-- Opening Marker --

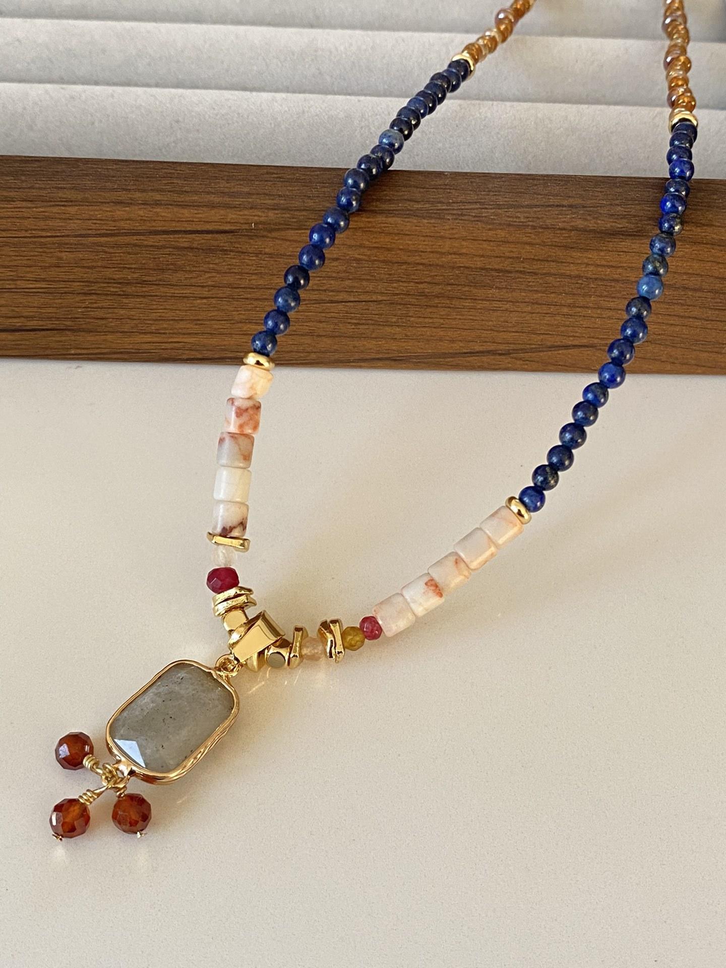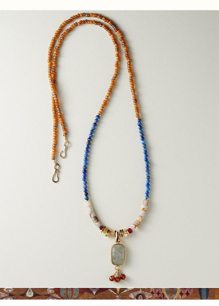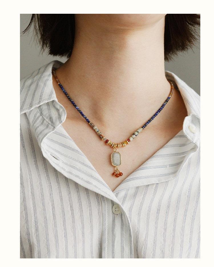 Collar de cuentas chino Dunhuang, nuevo, de estilo nicho, con piedras naturales de la época medieval, elegante y oriental, con cadena tipo suéter.
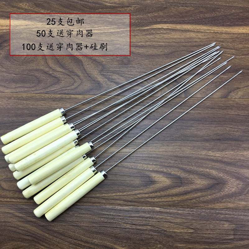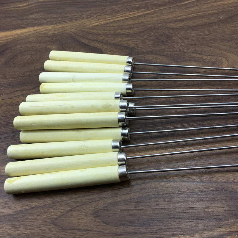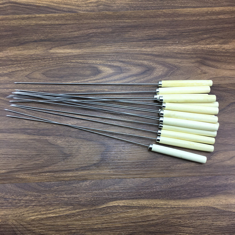 Stainless Steel Wood Handle Sign Goat Meat String Barbecue Sign Outdoor Barbecue Needle Grilled Steel Needle Iron Sign Baking String Tool
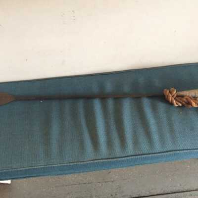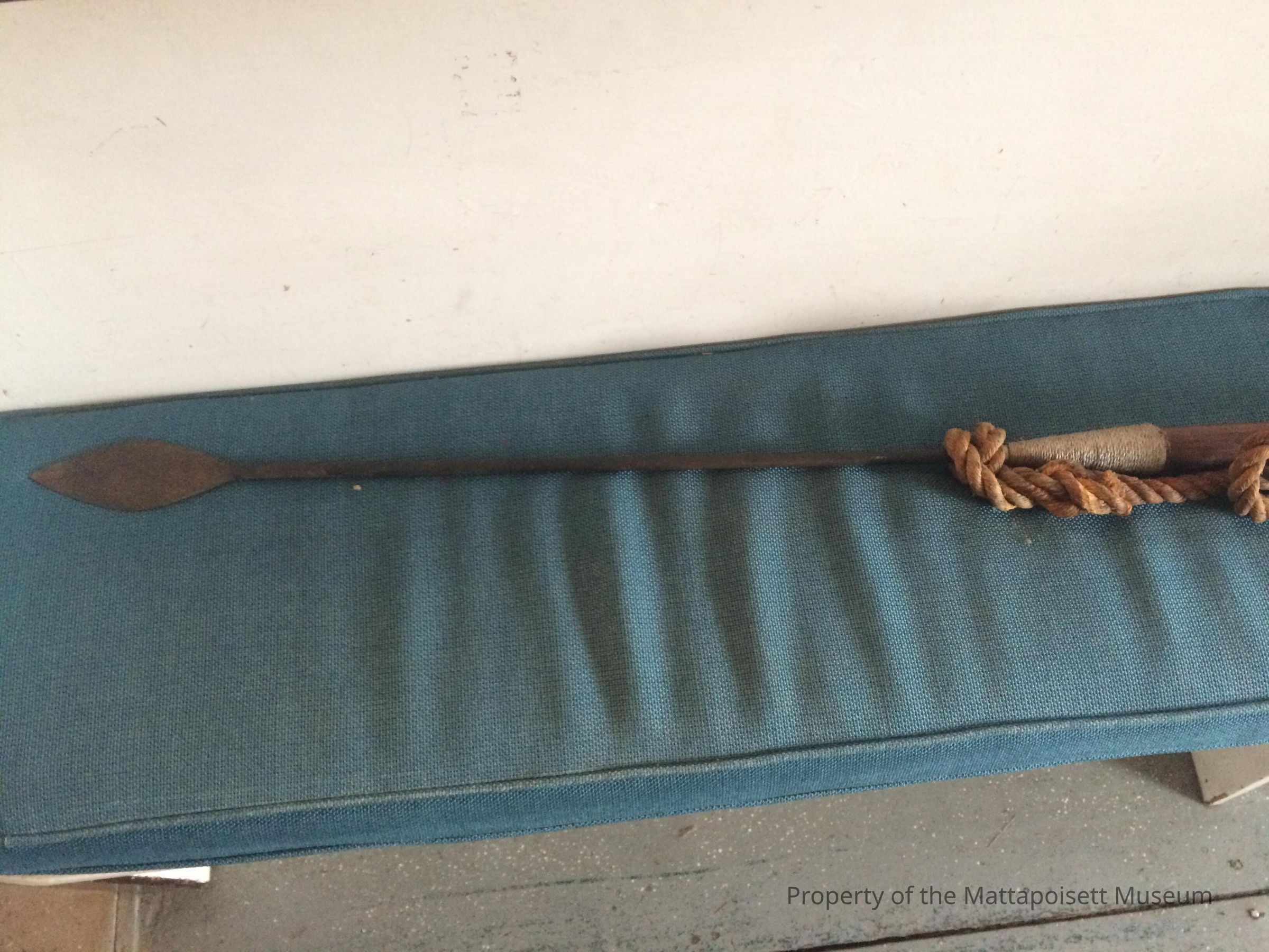 Spear head whaling harpoon, with wooden handle and rope.Acquisition
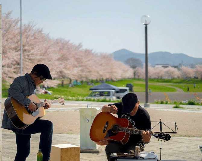 「アコギでロックを」を、コンセプトに活動する水戸市と笠間市の男性2人組。「どんな楽曲もストレートなロックに仕上げて披露します」と2人。街、ストリート、マルシェで活動している。
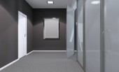 Korytarz w budynku mieszkalnym. Interesujące zakończenie korytarza. Minimalistyczny design
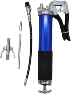 高圧グリースガン、7000PSI、400ccのレバー式で手詰対応。カートリッジ兼用、小型デザイン。ホースとノズル付属で、大容量、耐久性も優れ、スムーズな注油が可能。車や機械のメンテナンスに最適。
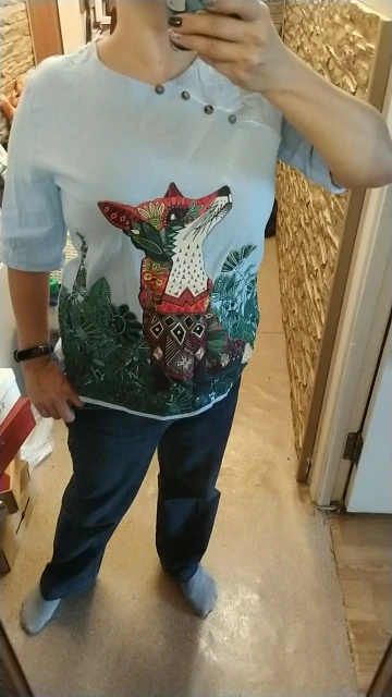 Très sympa mais le motif fait que le tee shirt est plutôt "rigide" et très peu souple.
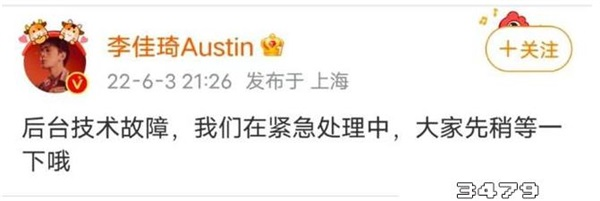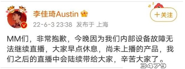 6月3日,李佳琦在直播间还没结束的时候,直播被中断了。直播被中断之后,李佳琦便在微博发了一条信息“因后台技术故障,需暂停直播”。随后,李佳琦又发布了一条微博信息说到“由于设备故障没有办法继续进行直播,对没有上播的商品会在后面的直播中陆续上播”。但是,到了6月18日,李佳琦停播了十几天也都还未重新开直播。

-- Closing Marker --

### Assignment
The copy should begin at the line containing "Korytarz w budynku" and end at the last line of the data above; please restate those lines word for word without the pictures.

### Task result
 Korytarz w budynku mieszkalnym. Interesujące zakończenie korytarza. Minimalistyczny design
 高圧グリースガン、7000PSI、400ccのレバー式で手詰対応。カートリッジ兼用、小型デザイン。ホースとノズル付属で、大容量、耐久性も優れ、スムーズな注油が可能。車や機械のメンテナンスに最適。
 Très sympa mais le motif fait que le tee shirt est plutôt "rigide" et très peu souple.
 6月3日,李佳琦在直播间还没结束的时候,直播被中断了。直播被中断之后,李佳琦便在微博发了一条信息“因后台技术故障,需暂停直播”。随后,李佳琦又发布了一条微博信息说到“由于设备故障没有办法继续进行直播,对没有上播的商品会在后面的直播中陆续上播”。但是,到了6月18日,李佳琦停播了十几天也都还未重新开直播。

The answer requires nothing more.